_What is needed_: Each entry below is to be given again word for word, with no pictures.

Content starts

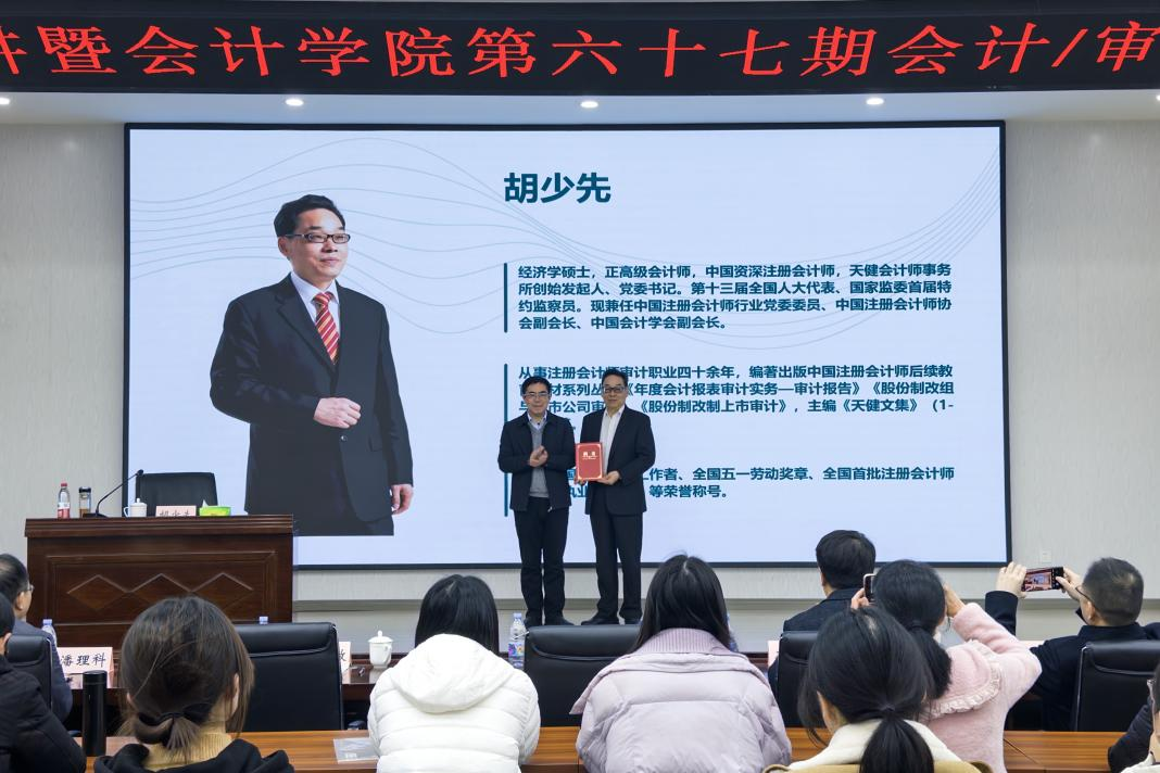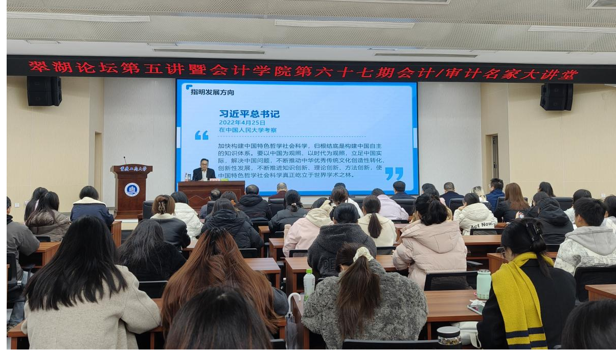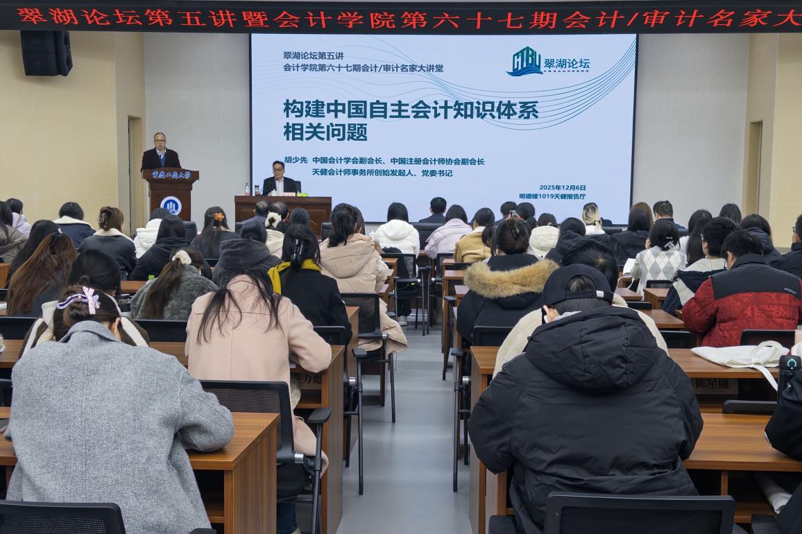 2025年12月6日,重庆工商大学翠湖论坛第五讲暨OK138太阳集团第六十七期会计/审计名家大讲堂在明德楼天健报告厅顺利举行。中国会计学会副会长、中国注册会计师协会副会长、天健会计师事务所党委书记胡少先应邀作《构建中国自主会计知识体系的相关问题》专题讲座。天健会计师事务所副总裁、重庆党委书记、重庆执委会主任龙文虎,天健高级合伙人、重庆分所副总经理潘理科,重庆工商大学副校长田双全出席论坛。OK138太阳集团党委书记邓德敏主持本次会议。来自校内外企事业单位从业人员及150余名师生参加了本次活动。
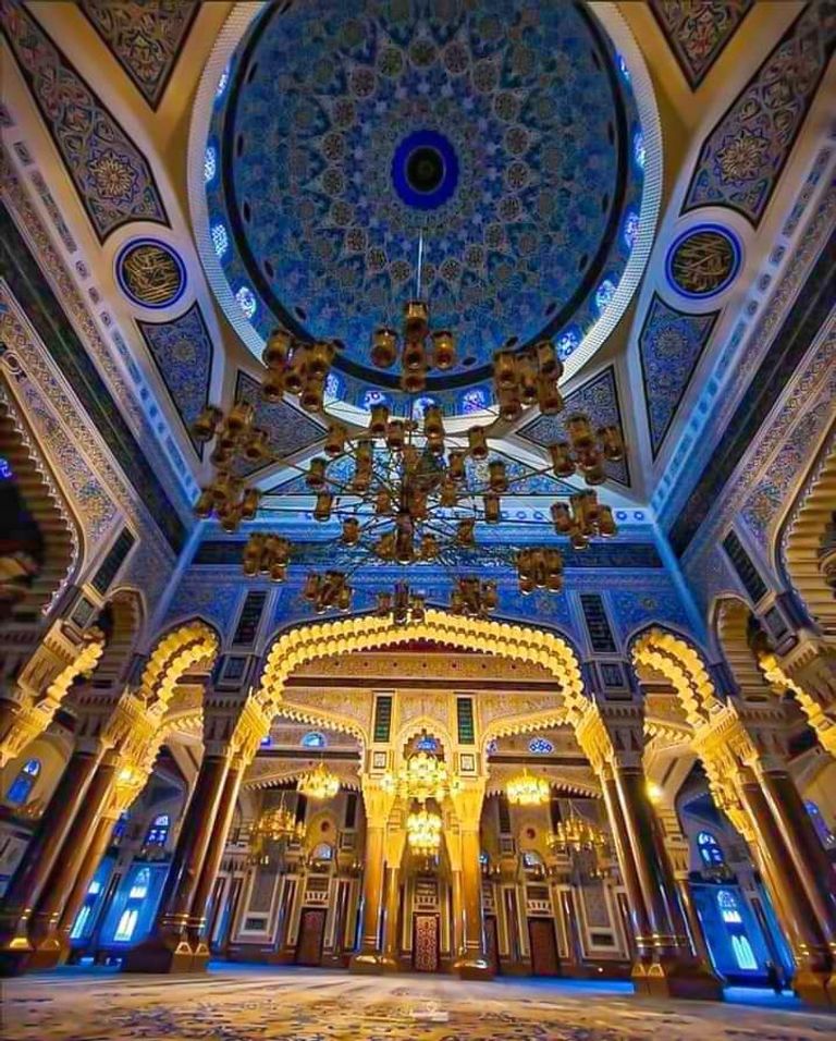 وتتوسط سقف الجامع نماذج بديعة ونادرة من التيجان والأقواس المجصصة، والثريات المتدلية من السقف والقباب بأحجامها وأشكالها المختلفة صُنعت من الكريستال الخالص والنحاس المطعَّم بالبلاتينيوم للحفاظ على رونقه ولمعانه، بحيث توحي هذه الثريات بأشكالها وتصاميمها بنوع من التوافق والانسجام مع النقوش والزخارف الخشبية ذات الطابع الإسلامي، وتزن أكبر نجفة بالجامع وتتدلى من القبة الكبرى 4.5 طن وتحتوي على 81 فانوسا، حفر على كل منها بفراغ فضائي ساحر اسم من أسماء الله الحسنى، ضمن الحيز الدائري المحيط بكل فانوس.
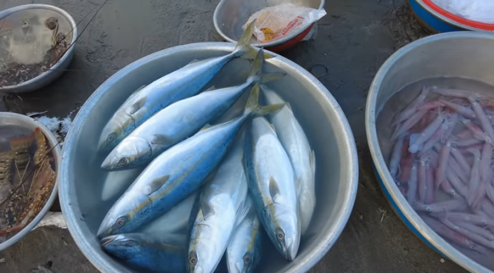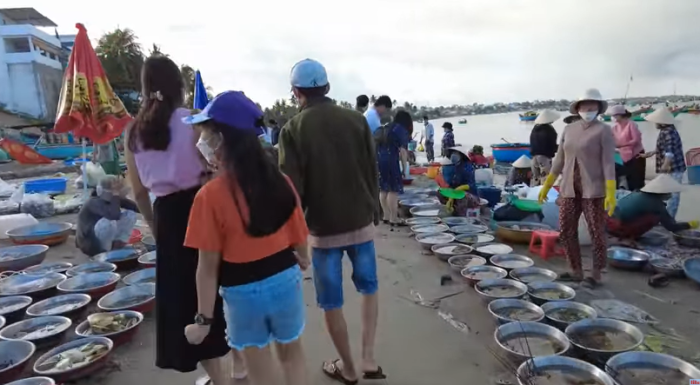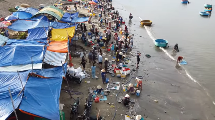 Bắt đầu từ 5h30 đến 6h sáng trở đi, những chiếc thuyền, chiếc thúng ngoài khơi xa lần lượt mang theo một nguồn hải sản lớn vào bờ. Những ngư dân đi biển nhảy xuống kéo thuyền thúng, kéo hết những gì đánh bắt được đổ ra tấm bạt ni-lon trải trên cát.
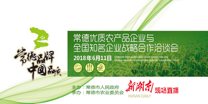 2018年6月11日,“常德品牌 中国品质”常德优质农产品企业与全国知名企业战略合作洽谈会,将在长沙举办。现场将签订一批产销采购订单,同时还将在洽谈中达成一批大型招商引资项目合作意向。活动由常德市人民政府主办,市农业委员会承办,旨在进一步扩大常德品牌农业开发开放、打造千亿健康食品产业,同时提升农产品质量监管水平,促进企业健康成长;营造良好营商环境,实现农业产业与其它产业融合发展。湖南日报新湖南客户端将进行现场直播,敬请关注!(直播总策划 周勇军 直播统筹 李寒露 直播记者 鲁融冰 摄影 李健 后台编辑 彭倩)
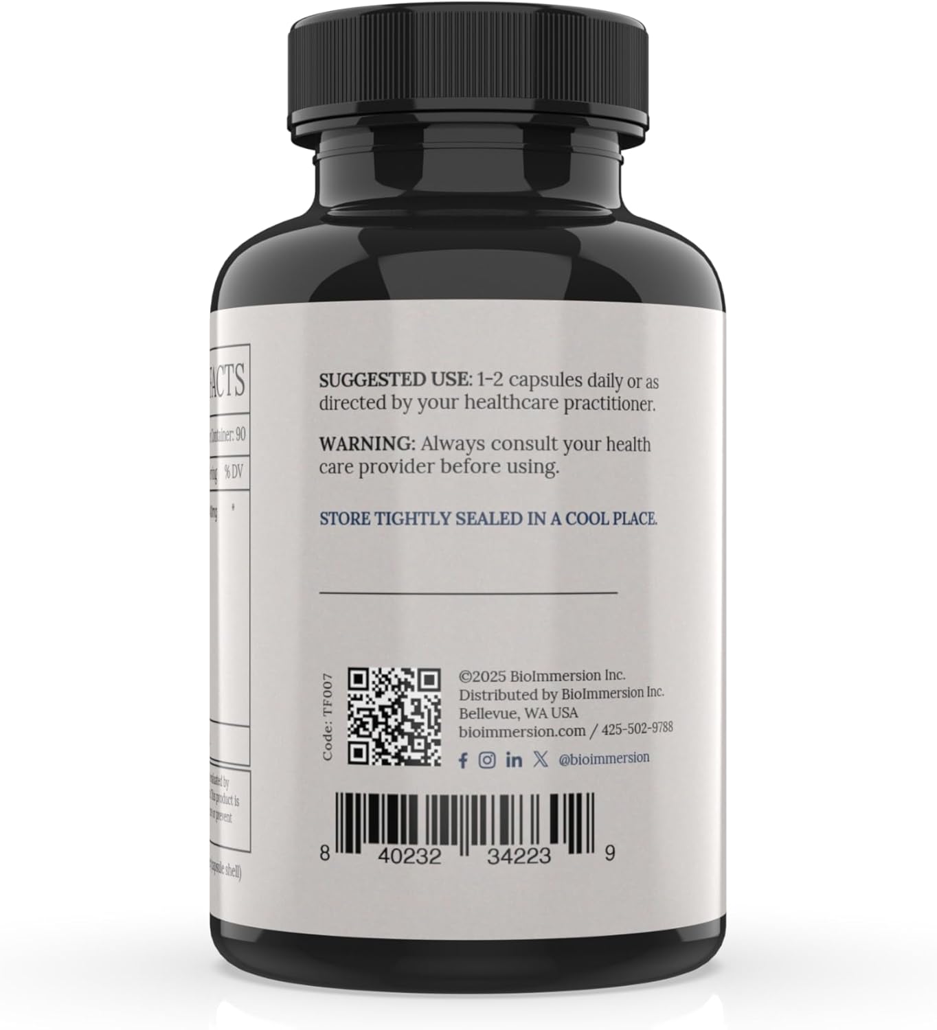 BioImmersion Garlic is raw, organic odorless garlic pills in its most natural, high actives pure and ultra potent state. Each vegan capsule delivers 4 to 5 whole cloves of garlic, with exceptionally potent 26,800 ppm Allium sativum L. Alliin (11 mg, Allicin potential 5mg) garlic extract supplement equal to 400 mg of freeze dried organic garlic bulb. Encapsulated in only quick release cellulose and water, with no fillers, flowing agents or excipients of any kind, Biolmmersion's Organic Odorless Garlic Extract Supplement offers support for heart, immunity, gut & circulatory health through natural garlic extract supplementation. Garlic is also a great source of antioxidants. Containing only QAI certified raw organic odorless garlic sublimated through advanced technology, BioImmersion offers garlic extract with the highest phytonutrient potential with exceptional potency, almost three times the industry standard. Garlic has been used for centuries by ancient civilizations and over the last thirty years this has been our focus. Sourcing garlic cloves with exceptional potential, along with utilizing the most advanced air/belt drying and manufacturing technologies enable us to provide exceptionally potent garlic. It is a must have product to have on your shelf. Learn more about its many usages.

Content ends

_Problem solution_:
 2025年12月6日,重庆工商大学翠湖论坛第五讲暨OK138太阳集团第六十七期会计/审计名家大讲堂在明德楼天健报告厅顺利举行。中国会计学会副会长、中国注册会计师协会副会长、天健会计师事务所党委书记胡少先应邀作《构建中国自主会计知识体系的相关问题》专题讲座。天健会计师事务所副总裁、重庆党委书记、重庆执委会主任龙文虎,天健高级合伙人、重庆分所副总经理潘理科,重庆工商大学副校长田双全出席论坛。OK138太阳集团党委书记邓德敏主持本次会议。来自校内外企事业单位从业人员及150余名师生参加了本次活动。
 وتتوسط سقف الجامع نماذج بديعة ونادرة من التيجان والأقواس المجصصة، والثريات المتدلية من السقف والقباب بأحجامها وأشكالها المختلفة صُنعت من الكريستال الخالص والنحاس المطعَّم بالبلاتينيوم للحفاظ على رونقه ولمعانه، بحيث توحي هذه الثريات بأشكالها وتصاميمها بنوع من التوافق والانسجام مع النقوش والزخارف الخشبية ذات الطابع الإسلامي، وتزن أكبر نجفة بالجامع وتتدلى من القبة الكبرى 4.5 طن وتحتوي على 81 فانوسا، حفر على كل منها بفراغ فضائي ساحر اسم من أسماء الله الحسنى، ضمن الحيز الدائري المحيط بكل فانوس.
 Bắt đầu từ 5h30 đến 6h sáng trở đi, những chiếc thuyền, chiếc thúng ngoài khơi xa lần lượt mang theo một nguồn hải sản lớn vào bờ. Những ngư dân đi biển nhảy xuống kéo thuyền thúng, kéo hết những gì đánh bắt được đổ ra tấm bạt ni-lon trải trên cát.
 2018年6月11日,“常德品牌 中国品质”常德优质农产品企业与全国知名企业战略合作洽谈会,将在长沙举办。现场将签订一批产销采购订单,同时还将在洽谈中达成一批大型招商引资项目合作意向。活动由常德市人民政府主办,市农业委员会承办,旨在进一步扩大常德品牌农业开发开放、打造千亿健康食品产业,同时提升农产品质量监管水平,促进企业健康成长;营造良好营商环境,实现农业产业与其它产业融合发展。湖南日报新湖南客户端将进行现场直播,敬请关注!(直播总策划 周勇军 直播统筹 李寒露 直播记者 鲁融冰 摄影 李健 后台编辑 彭倩)
 BioImmersion Garlic is raw, organic odorless garlic pills in its most natural, high actives pure and ultra potent state. Each vegan capsule delivers 4 to 5 whole cloves of garlic, with exceptionally potent 26,800 ppm Allium sativum L. Alliin (11 mg, Allicin potential 5mg) garlic extract supplement equal to 400 mg of freeze dried organic garlic bulb. Encapsulated in only quick release cellulose and water, with no fillers, flowing agents or excipients of any kind, Biolmmersion's Organic Odorless Garlic Extract Supplement offers support for heart, immunity, gut & circulatory health through natural garlic extract supplementation. Garlic is also a great source of antioxidants. Containing only QAI certified raw organic odorless garlic sublimated through advanced technology, BioImmersion offers garlic extract with the highest phytonutrient potential with exceptional potency, almost three times the industry standard. Garlic has been used for centuries by ancient civilizations and over the last thirty years this has been our focus. Sourcing garlic cloves with exceptional potential, along with utilizing the most advanced air/belt drying and manufacturing technologies enable us to provide exceptionally potent garlic. It is a must have product to have on your shelf. Learn more about its many usages.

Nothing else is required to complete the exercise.